Lawmakers can also get around the disclosure rules by raising bundled money from multiple lobbyists at the same event, critics say. Lawmakers must report only donations that reach a threshold of $16,000 in either the first half or the second half of the year. If several lobbyists got together to bundle $16,000, for example, the FEC regulations say the candidate would not have to report that.

"Each lobbyist co-host at a fundraising event should be attributed with having jointly raised the total amount," said Paul S. Ryan, FEC program director at the Campaign Legal Center. The law's authors, including Sen. Russell Feingold, D-Wis., and then-Sen. Barack Obama, explicitly spelled out a more stringent interpretation than the FEC's when they enacted the law, Ryan noted.
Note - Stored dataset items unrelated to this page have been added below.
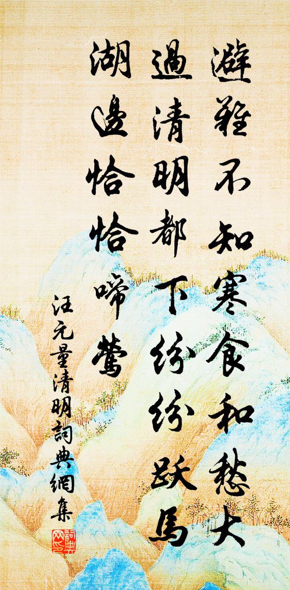詩詞名句歷史字典書法欣賞書法字典國語詞典說文解字康熙字典古漢語字典標 題 作 者 詩 句 清明作者:汪元量 朝代:宋代清明原文避難不知寒食,和愁大過清明。都下紛紛躍馬,湖邊恰恰啼鶯。詩詞問答問:清明的作者是誰?答:汪元量問:清明寫於哪個朝代?答:宋代問:汪元量的名句有哪些?答:汪元量名句大全汪元量清明書法欣賞清明書法作品詩詞推薦邵智卿挽章崔敦禮〔宋代〕列宿郎官帳,高風隱士廬。歲寒知勁柏,日暮厭輕車。德齒周三老,身名漢二疏。回頭八男子,玉立照階除。鴨責鷺艾性夫〔宋代〕物生天地間,謀食各從類。平疇我所家,方逐魚蝦細。爾鷺非吾徒,引頸乃旁睨。纖鱗動微影,忽已落長喙。潔白吐蕃別館臥病寄朝中諸友呂溫〔唐代〕星漢縱橫車馬喧,風搖玉佩燭花繁。豈知羸臥窮荒外,日滿深山猶閉門。頌古一百首釋智愚〔宋代〕草履為冠松作釵,一般瀟灑眼頭乖。語音只在風檐下,終日無人不下階。和范景仁王景彝殿中雜題三十八首並次韻其三梅堯臣〔宋代〕明月已生城上頭,小星光滅大星流。來朝放牓出宮去,何處殘花轉入溝。此張希良書齋去祖壠不百步扁曰望松取後山思黎廷瑞〔宋代〕老根憐蒼龍,芳粒長新穉。眷言丘中人,苓珀共千歲。晨瞻露華明,夕眺煙影翠。捫軀發深感,矯首落孤淚。思亭木蘭花/玉樓春賀鑄〔宋代〕羅巾粉汗和香浥。纖指留痕紅一捻。離亭再卜和歡期,尋見石榴雙翠葉。危樓欲上危腸怯。縱得鸞膠難寸接。西風天道吟胡宏〔宋代〕一氣安然不強為,大強先去少強隨。本來把定真訊息,不是迂愚卻是誰。再和潛師蘇軾〔宋代〕化工未議蘇群槁,先向寒梅一傾倒。江南無雪春瘴生,為散冰花除熱惱。風清月落無人見,洗妝自趁霜鍾早。惟有念奴嬌 贈王道人性初歸茅山陸文圭〔元代〕芙蓉城郭,有羽仙騎鶴,來從何處。曾拉茅君峰頂會,瑤佩隨風吹去。玉笈偷開,青囊拾得,笑看人間世。藏身壺春夜二首劉象〔唐代〕幾處兵戈阻路岐,憶山心切與山違。時難何處披懷抱,日日日斜空醉歸。一別杜陵歸未期,只憑魂夢接親知。近來望大梅欲回雪竇路險而止口占示同行王銍〔宋代〕起曉尋幽意氣豪,冥冥重霧溼征袍。天扶寶勢千山拱,海助寒聲萬籟高。休數興衰兩蝸角,從來憂樂一鴻毛。了知江城子劉秉忠〔元代〕平生行止懶編排。住蒿萊。走塵埃。社燕秋鴻,年去復年來。看盡好花春睡穩,紅興紫,任他開。紫微天上列三台過道人磯袁說友〔宋代〕幾年煙雨鎖蒼苔,咫尺侯門路不開。夜半一聲橫笛處,道人隨月過山來。鏡屏詩二首李廌〔宋代〕凝澄不動水淵盤,風拂泉生或細瀾。月影透簾朝日薄,龍輝繞匣夜光寒。玄冥借魄知神物,男子無聞已弱冠。照我風入松王吉昌〔元代〕乾坤兩卦上天梯。分柔健高低。六關爻變推天道,斡璇璣、日月東西。妙采精華成液,通神息,飲刀圭。溶溶金水送仲庶待制知澤州蔡襄〔宋代〕十年台省獻嘉謀,新總兵符鎮上游。琴有薰弦多舜俗,地連沙尾舊湘州。江邊行色船千丈,塞外威聲馬萬頭。宣室客久董嗣杲〔宋代〕身孤猶落葉,客久向餉英。少睡夜逾悄,多聞心更清。縣樓訛漏點,雨市雜溪聲。海上仙槎在,思乘幾凝情。次懷英韻李處權〔宋代〕亂來身世羨沙鷗,雪後溪山粲兩眸。不用東床呼外舅,當年雅契在仙舟。寄曇晦二首李處權〔宋代〕高僧闢館坐諸生,夜久亦聞弦誦聲。物外喜君能筆硯,塵中愧我漫簪纓。缽餐尚返慈烏哺,囊句時為老鳳鳴。他日名句推薦善學者盡其理,善行者究其難。荀子《荀子·大略》 曉月暫飛高樹里,秋河隔在數峰西韓翃《宿石邑山中》 卻愁擁髻向燈前,說不盡、離人話納蘭性德《一絡索·過盡遙山如畫》 雨聲颼颼催早寒,胡雁翅濕高飛難。杜甫《秋雨嘆三首》 玩人喪德,玩物喪志。佚名《尚書·周書·旅獒》 庭前時有東風入,楊柳千條盡向西。劉方平《代春怨》 朝真暮偽何人辨,古往今來底事無。白居易《放言五首·其一》 浪花有意千里雪,桃花無言一隊春。李煜《漁父·浪花有意千里雪》 敖不可長,欲不可從,志不可滿,樂不可極。戴聖《禮記·曲禮上》 眼覷著災傷教我沒是處,只落得雪滿頭顱。張養浩《一枝花·詠喜雨》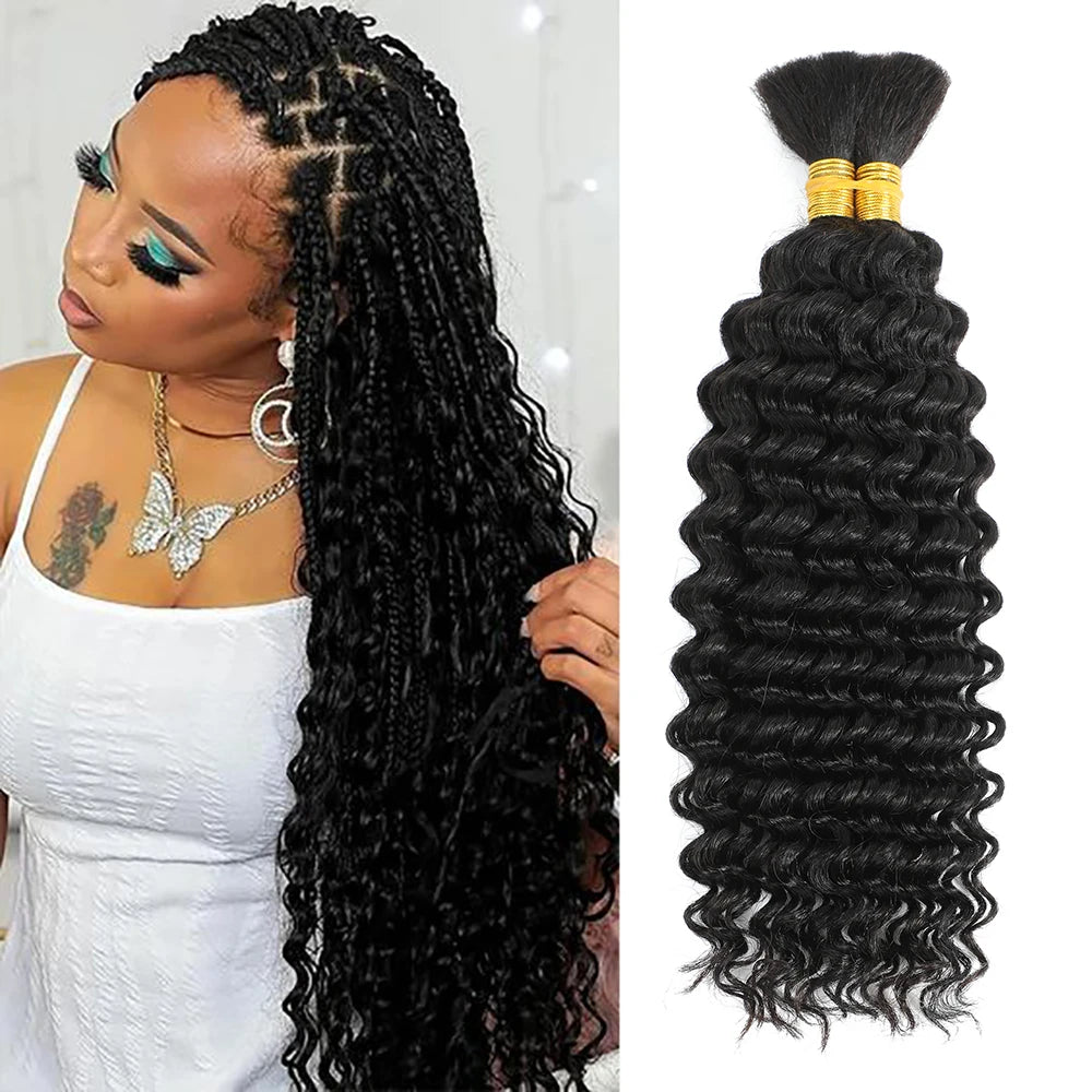 Human Braiding Hair for Boho Braids Human Hair Braiding Hair 100g Curly Boho Hair for Braiding Knotless 12A Deep Wave Bulk Hair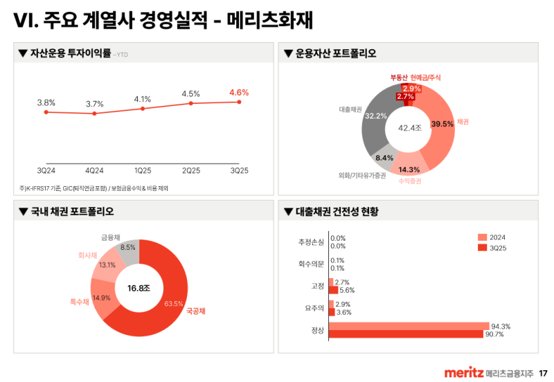 • 투자: 국내외 주식·대체투자 확대, 중장기 수익성 중심 운용 전략 지속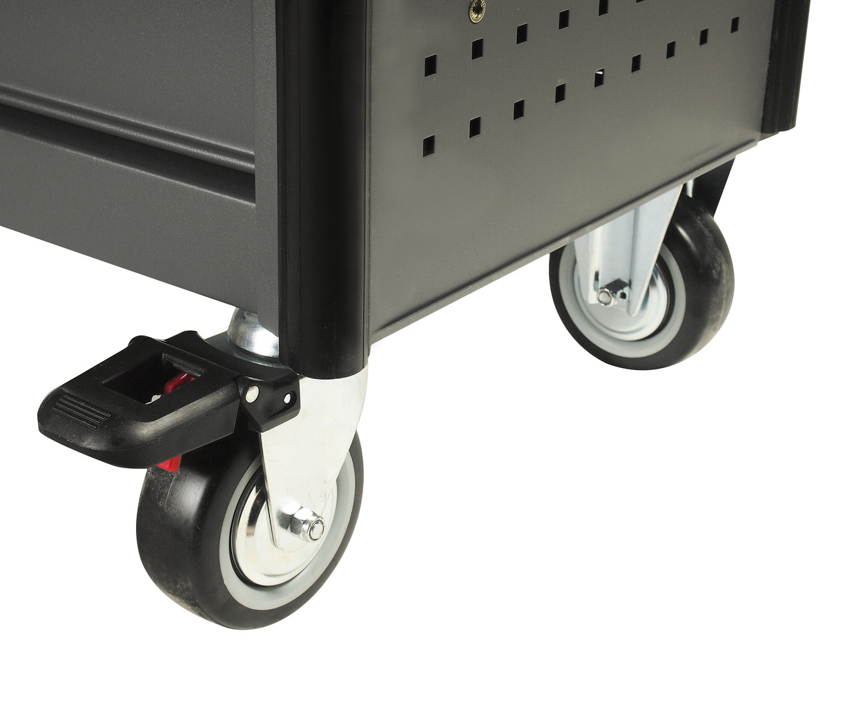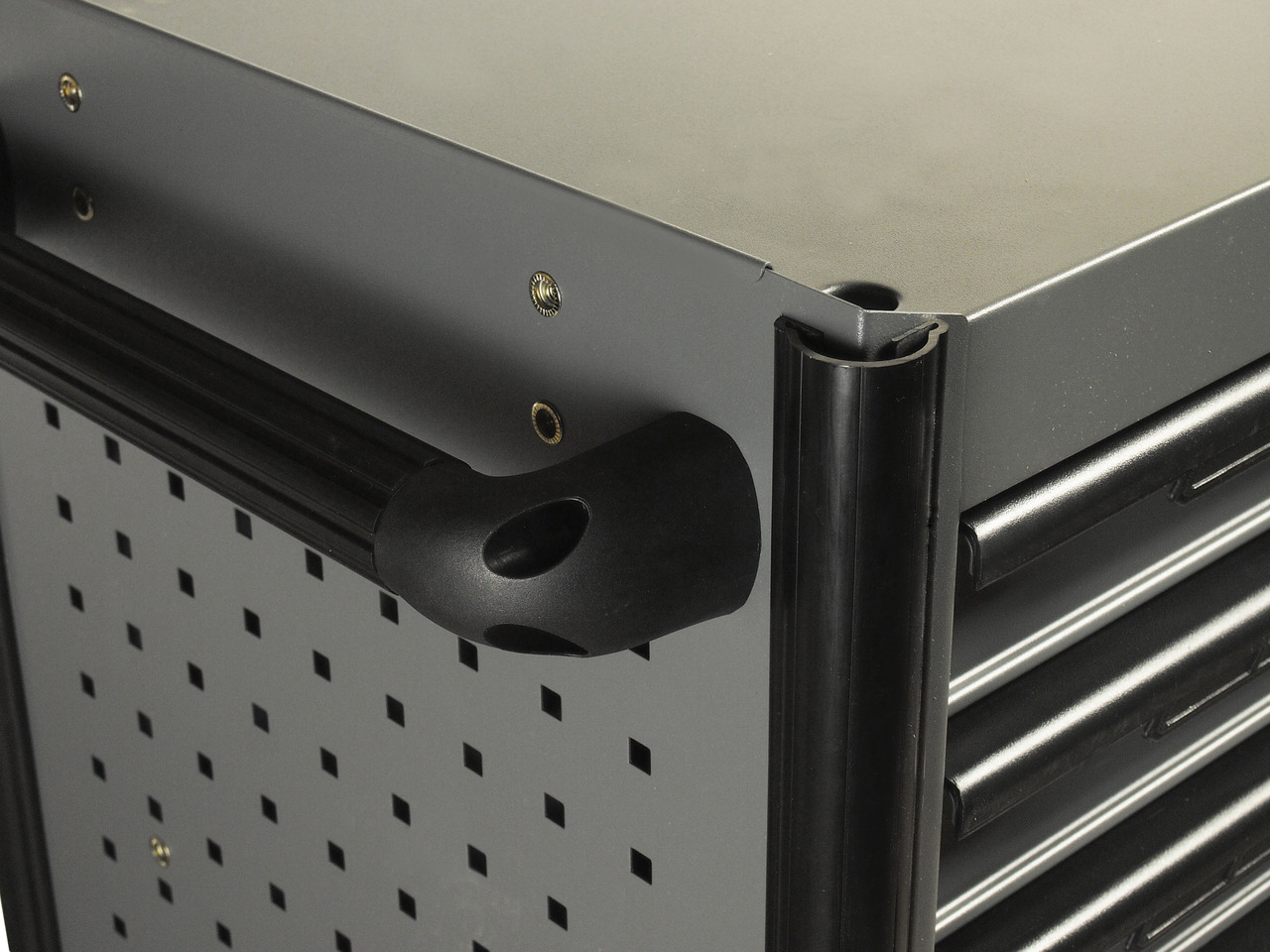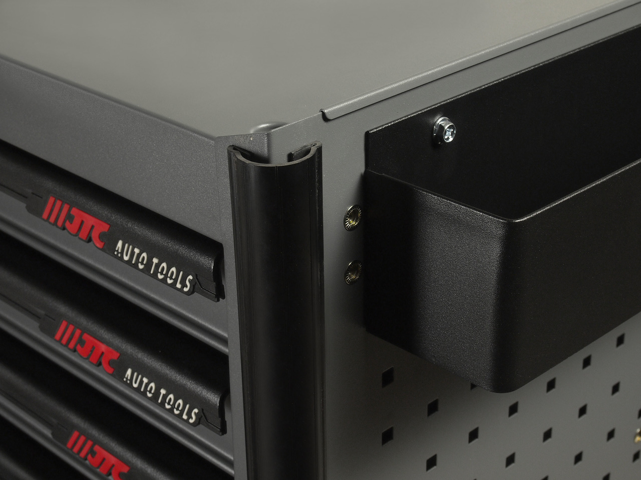Перфорированные боковые стенки с квадратными отверстиями предоставляют возможность разместить дополнительные аксессуары для хранения инструментов. Применяется с серией подвесных приспособлений JTC-3218.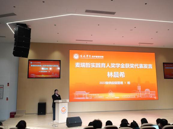 麦瑞哲实践育人奖学金获奖代表、2023级供应链管理专业林晨希同学在会上分享了她从“直播小白”到带领团队创下百万GMV、荣获福建省直播电商职业技能大赛一等奖的实战经历。她表示,通过参与麦瑞哲支持的实战项目,从直播运营到电商数据分析,不仅将课堂所学知识应用于实际工作,更锻炼了解决复杂问题的综合能力,“实战不是‘有能力再出发’,而是在实践中变强。”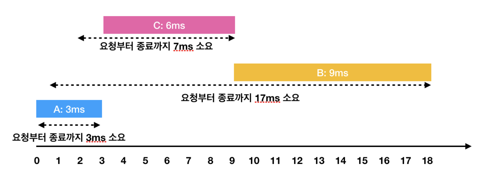 이 때 각 작업의 요청부터 종료까지 걸린 시간의 평균은 10ms(= (3 + 11 + 16) / 3)가 됩니다.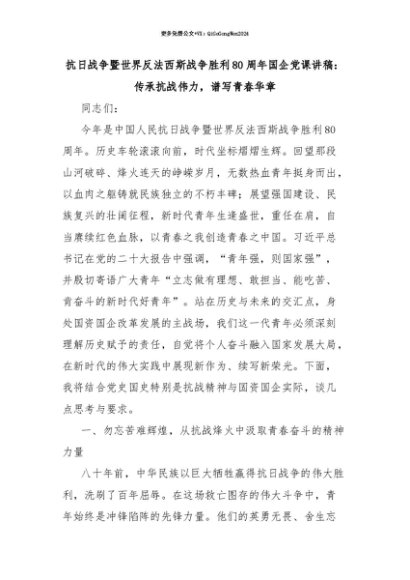 【七哥公文】2025年:【七哥公文】抗日战争暨世界反法西斯战争胜利80周年国企党课讲稿:传承抗战伟力,谱写青春华章+更多免费公文+VX:QiGeGongWen2024+更多免费公文+VX:QiGeGongWen2024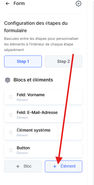 En mode édition, ouvre le bloc du formulaire et ajoute les champs que tu as créés précédemment. Tu peux modifier leur ordre, définir certains champs comme obligatoires ou les laisser facultatifs.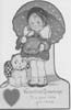 | 2002-885.39 | | It is a valentine card with a girl in a red dress with a blue umbrella standing next to a cat with a black and white checkered bow. The text reads "Valentine Greetings , To a good little girl I know". On the back is handwritten " frm Miss Ruth". The paper is cardboard and the card is meant to stand upright. It is a valentine given to Mary Ruth Johnson McShane (1909-2001) of Mt. Vernon during her school years. |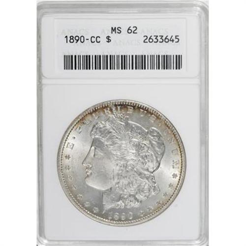 <B>1890-CC $1 MS62 ANACS.</B></I> NGC Census: (838/1943). PCGS Population (1795/4469). Mintage: 2,309,041. Numismedia Wsl. Price for NGC/PCGS coin in MS62: $475. (#7198)<BR><BR><B>Coin Engraver:</B> George T. Morgan<BR><BR><b>Shipping:</b> Coins & Currency (<a target="_blank" href="http://www.heritageauctions.com/common/shipping.php">view shipping information</a>\)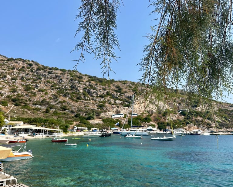 Lunch/Afternoon: Porto Limnionas: Head to this dramatic rocky fjord on the west coast. It's a spectacular swimming hole with clear water and cliff-side sunbeds.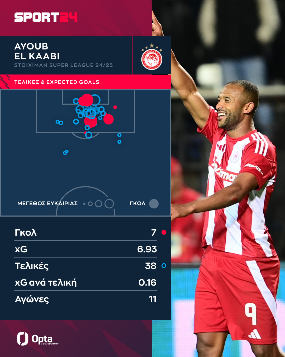 Στο γράφημα της Opta/Stats Perfοrm μπορείτε να δείτε όλες τις τελικές, τα γκολ και τα xGoals του Ελ Κααμπί στα 11 παιχνίδια του στο πρωτάθλημα.

Still, both lobbyists and lawmakers have a right to be nervous about the FEC's new bundling regulations. That's because the rules are unusually vague about certain definitions, say election lawyers. For example, the rules apply not just to lobbyists, but to lobbyist-controlled PACs that engage in bundling. But it's not always clear just what constitutes a lobbyist-controlled PAC.

According to the FEC regulations, a PAC is controlled by a lobbyist if the lobbyist has a "primary role" in setting up the PAC, or directs its "governance or operations," noted Lawrence H. Norton, of counsel to Womble Carlyle Sandridge & Rice. The FEC instructs those with questions to consult the secretary of the Senate and the clerk of the House, which have signaled that a PAC is lobbyist-controlled if a PAC board member or treasurer is a lobbyist.

"That leaves an awful lot of gray area," said Norton, who was previously general counsel to the FEC. "What if there's not a formal board? What if you actively participate in decisions, but you're not formally a member of the board? And what does 'establish' mean?" He added: "The rules are convoluted and difficult to enforce."

A little-noticed side effect of the new bundling regulations may be to shed fresh light on so-called leadership PACs, which have exploded despite controversy in recent years. Lawmakers often register their personal PACs under generic-sounding names that give no clue who controls them. But the new bundling rules for the first time require leadership PACs to file amended forms identifying themselves as such. Already, more than half a dozen new leadership PACs have come to light, including the House Conservatives Fund, sponsored by Rep. Patrick McHenry, R-N.C., which collected more than $1 million in the 2008 cycle.

Norton acknowledged that some politicians will simply acknowledge bundling with a wink and a nod, and that some lobbyists will skate under the reporting threshold by rounding up no more than $16,000 in any six-month period. "I think that you're going to see a proliferation of micro-bundlers," he predicted.

Still, the new bundling rules represent just one more danger zone for lobbyists at a time of heightened ethics sensitivity in Washington. First, they'll have to figure out just what the new regulations mean. Then they'll have to figure out just how badly they want credit for their bundled contributions. Noted Norton: "At the very least, there will be information in the public domain that wasn't previously there."